Wednesday, November 26, 2008

Baseball Trivia Thanksgiving Eve Blowout in Your F*cking Face!


Unlike most Americans, who are probably starting to binge drink as I write this, I'm stuck at fucking work, with actual fucking work to do. It's quiet here, because all the sales people were smart enough to not show up since the boss is out. All, except this asshole. And I'm wearing my normal attire. Everyone else looks like they're going to their fucking kid's dance recital or a dinner at their inlaw's house. Fuck me.

And to make matters worse, there isn't a goddamn thing happening in baseball. Not a fucking significant whisper to obsess over (Teixera back on the Yankees radar?), not a rumor that actually sounds more exciting than depressing (Sabathia to the Angels?) and not one overblown story about some injury to some superstar (Utley now could be ready by opening day?).

So, here's some trivia. Who doesn't like trivia to waste time over? I have a Yankees trivia calendar and I'm pretty sure it was written by some 87 year-old asshole who just wont die, because the questions are tougher to solve than Cameron Diaz's sex appeal. But mine aren't so bad. So, either do them, or don't do them, but if you're drinking already, do an extra shot for me, and hopefully that's the one that helps you achieve your first DWI.

Happy Thanksgiving Eve, fuckers.

QUESTIONS
*highlight space underneath questions for answers

1. Who was the last pitcher to win 20 games for the New York Mets?
Answer: Frank Viola, 1990, 20-12

2. Jimmy Rollins hit .296 in 2007 and captured the NL MVP – Who was the last player to hit under .300 and win the same award?
Answer: Kevin Mitchell, 1989, .291

3. True or False - Derek Jeter has had sex with someone closely related to you?
Answer: True, your cousin Allison on your Mom’s side, she’s such a slut when she drinks and does coke.

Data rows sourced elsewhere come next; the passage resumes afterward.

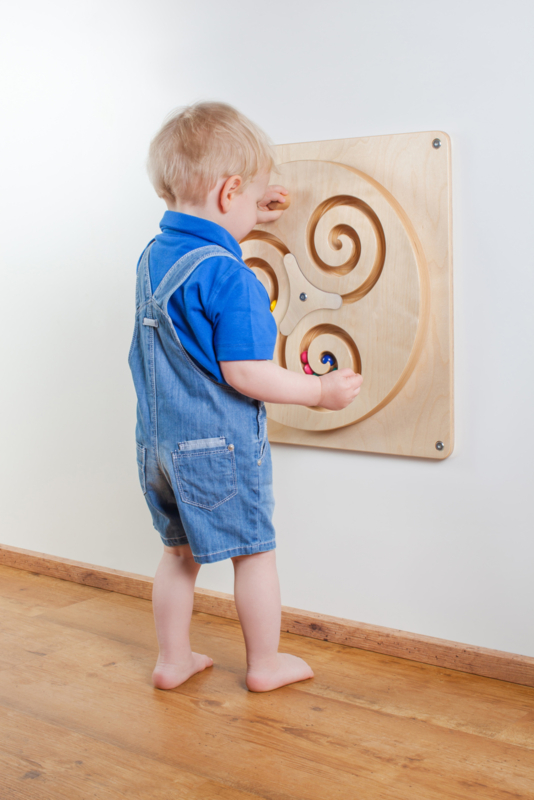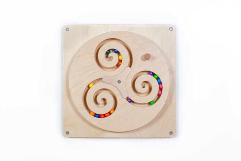 Wanneer de grote ronde schijf wordt gedraaid met behulp van het houten handvat, veranderen de gekleurde ballen binnen het ingesloten circuit van het wandspel in een kleurrijk spektakel.
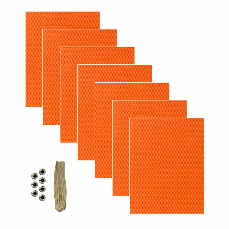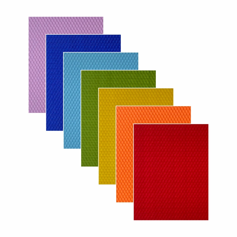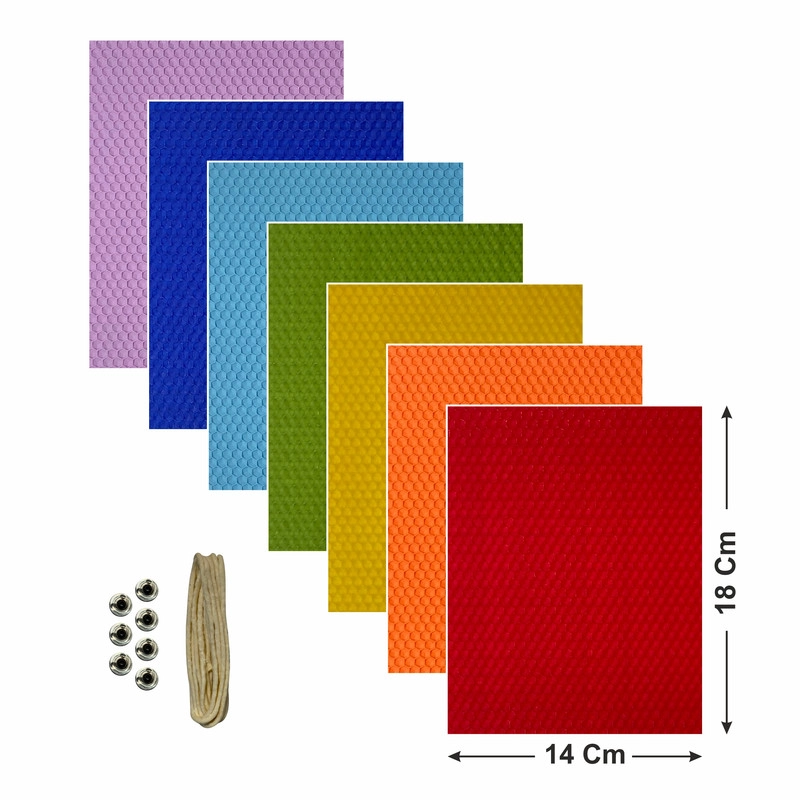 شمع های خودت را با دست خودت بساز پک خلاقیتی ساخت شمع های دست ساز از ورق شمع موم عسل طبیعی کوچینو 7 عدد در رنگ های مختلف و هفت رنگ و یا چند رنگ (رنگین کمان) با این ورقه های موم عسل در سایز 14 x 18 سانتیمتر به همراه فیتیله مورد نیاز و پایه فیتیله مورد نیاز که در بسته بندی وجود دارد برای ساخت شمع های موم عسل رول شده میتوانید به هر اندازه که مد نظر شما باشد ورقه های را برش دهید و با فیتیله گذاری و پایه فیتیله که در این پک محصول وحود دارد و گروه تولیدی کوچینو ملزومات مورد نیاز آن را در پک بسته بندی قرارداده است . شمع های زیبای خود را بسازید و از روشن کردن آن لذت ببرید . این ورق های موم عسل در رنگ های مختلف موجور است و مشهورترین 7 رنگ که ترکیبی از رنگ های رنگین کمان و یا همان هفت چاکراه میباشد قابل عرضه است . با این ورق های موم عسل در سایز 14 x 18 و فیتیله و پایه فیتیله مورد نیاز در هنر شمع سازی با دست و حرارت طبیعی دست خود بدون هیچگونه ذوب کردن و غیره را به آسانی و فقط با دست بسازید و لذت ببرید . این پک ها مناسب برای رشد خلاقیت کودکان و همچنین لذت بردن از شمع های دست ساز با ورقه های موم طبیعی عسل میباشد .
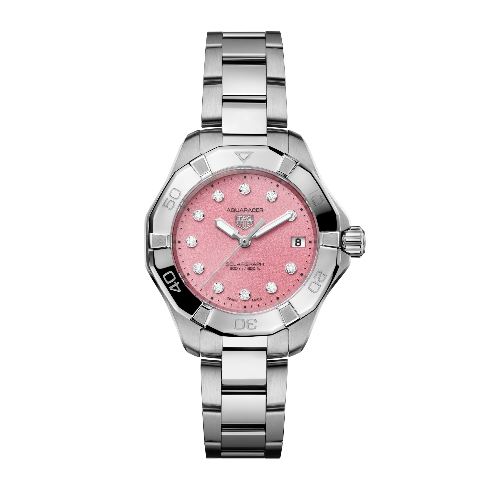 Ref. WBP1318.BA0005 - Die TAG Heuer Aquaracer Professional 200 Solargraph vereint Eleganz und Leistung und bietet eine raffinierte Interpretation der vielseitigen Funktionsuhr der Maison. Das rosafarbene Zifferblatt mit Diamantindizes erinnert an die ätherische Schönheit der Nordlichter und zelebriert Abenteuergeist mit Stil.

4. Who is the last pitcher to win more than 26 games in a regular season?
Answer: Bob Welch, 1990, 27-6

5. How many 20 game winners did the Yankees have during their runt to 4 World Series?
Answer: Two - Andy Pettite, 1996, 21-8 - David Cone, 1998, 20-7

6. Bartolo Colon deserved the Cy Young in 2006 about as much as I deserve a raise, considering all the negative energy I bring to the workplace?
Answer: False, I have better overall numbers than that fat piece-of-shit

7. True or False: Mark Redman represented the Kansas City Royals at the 2006 All-Star game, despite being 6-4 with a 5.27 at the break?
Answer: Depressingly enough, it's true

8. Which active player has played for the most teams?
Answer: Ron Villone, 11 teams: Seattle, San Diego, Milwaukee, Cleveland, Cincinnati, Colorado, Pittsburgh, Houston, Florida, New York Yankees, St. Louis

9. Five teams have never had a Cy Young Award Winner – which franchises are they?
*hint, 3 NL, 2 AL
Answer: COL, CIN, FLA, TB, TEX

10. Since 1990, only four starting pitchers have finished with sub-2 ERA’s – who are they?
Answer: Greg Maddux – 1994, 1995, Kevin Brown – 1996, Pedro Martinez – 1997, 2000, Roger Clemens – 1990, 2005

11. Cal Ripken is overrated?
Answer: True

12. There are three former ROY winners from the past 10 seasons who are no longer playing in the major leagues – who are they?
Answer: 1998 A.L. - Ben Grieve, 1999 N.L. - Scott Williamson, 2000 A.L. - Kazuhiro Sasaki

13. Nicknames
a) N.L. pitcher's nickname is "Zombie"?
b) Washed up 1st baseman's nickname is "Eye Chart"?
c) Fat closer's nickname is "Papa Grande"?
d) Speedy Outfielder's nickname is "The Perfect Storm"?
e) Comeback-track pitcher's nickname is "The Chief"
Answers: a) Aaron Harang, b) Doug Mientkiewicz , c) Jose Valverde, d) Carl Crawford, e) Freddy Garcia

14. True or False – My friend is convinced Lance Berkman is a Jew, even though he wears a cross around his neck?
Answer: True

15. Which mildly retarded TV broadcaster once won back-to-back National League MVP’s?
Answer: Joe Morgan, 1975, 1976

2 comments:

J said...

Number 3 - Apparently it's also a very perverted 87 year old man...

Doc Holliday said...

When you're that old, all you have left is being creepy and shitting your pants anywhere, anytime, without public scorn.